A component of a Julyen Hamilton exercise that I still use and adapt is to practice feeling duration of one minute. This can be done whilst being still, or whilst improvising solo, driving a car, or performing in an ensemble etc. I’ve particularly enjoyed playing with different timings and durations of movement events within that minute. Moving my body at high speeds tends to shift my sense of time radically, the same also applies when I move incredibly slowly. But a minute is a minute is a minute. Only my perception of it and the movements I am doing within that minute alters.

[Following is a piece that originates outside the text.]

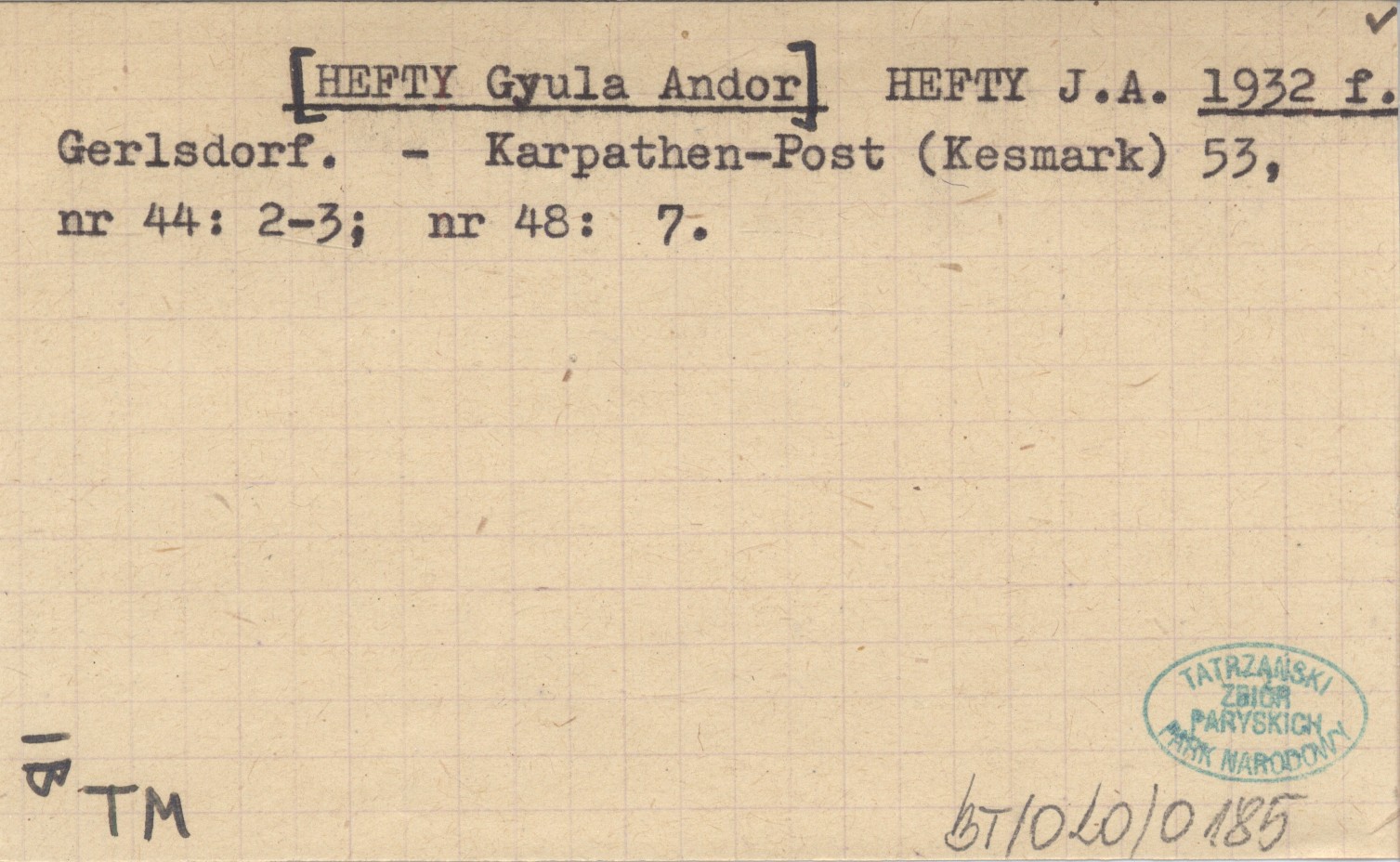 Karpathen-Post (Kesmark) , 53, nr 44: 2-3; nr 48: 7.

When dancing a duet and playing with this particular exercise there can be incredible differences of perception between the dancers. Particularly between how the two people are perceiving time and execute timing within that same minute. The perceptual variances are not useful for composition in performance if, within the duet I am out of relationship with my own time, and/or the time of my partner. By ‘out of relationship’ I mean not perceiving accurately, and therefore not being present to what’s actually happening. It doesn’t necessarily follow that if I am present to what’s happening I then have to augment, join, or follow my partners timing. I still have other choices eg; exaggerate, conflict with, ignore etc . But my ability to choose in any moment is considerably lessened if I don’t pay attention to the ball!

There is a lot more to be written on this but for now, time to go.

What I’m Doing Now (KL)

In doing my Masters degree at University of Auckland I’m currently harvesting written and digital data in preparation for my research.  Up until now almost all of my work has been studio based ie: actually practicing improvisational dance and choreography with plenty of integrated reflective and reflexive work in the context of working in the profession. The result so far is a fairly extensive body of performance and teaching experience with little in the way of writing output. This is about to change.

Before I go on I want to note that this blog is the result of ongoing conversations between myself and Simon Ellis. In my personal experience its in conversations like these  that accurate and rich reflexivity about improvisational, choreographic and performative practices actually emerges.  I think I’ll qualify that statement as this blog develops.

In the meantime as I said earlier I am data harvesting. This is part of the hoop jumping exercise that is the academic process.  So I’m looking into theoretical and philosophical frameworks in order to qualify what it is that I already know and understand from practice.  It seems that justifying contemporary dance in contexts such as social, academic, artistic, financial etc is so deeply intrinsic in the practice of dance that it should be taught as a technique class at degree level.

Rather than list whose writings I’ve been looking into I will instead pluck out names and titles as the blog unfurls and hopefully this will be of benefit to whoever is tuning into this little nook of the net.  One name  I’ll throw out right now though is Peter Ralston.  A martial artist and teacher of considerable ability, his practice of Cheng Hsin has had a very deep impact on my work in improvisation.  Essentially an ontological enquiry, Cheng Hsin rigorously examines (amongst other things) perception and interaction at an experiential level. This work is ostensibly a practice of consciousness that is dynamic whilst simultaneously being internal and external.  What does that mean? Well that’s a book or two, but what it has resulted in is an ever increasing degree of accuracy of perception and skill and a greater degree of presence in my work. It has also led to practices in improvisation that I can apply to absolutely any activity and context I am engaged with.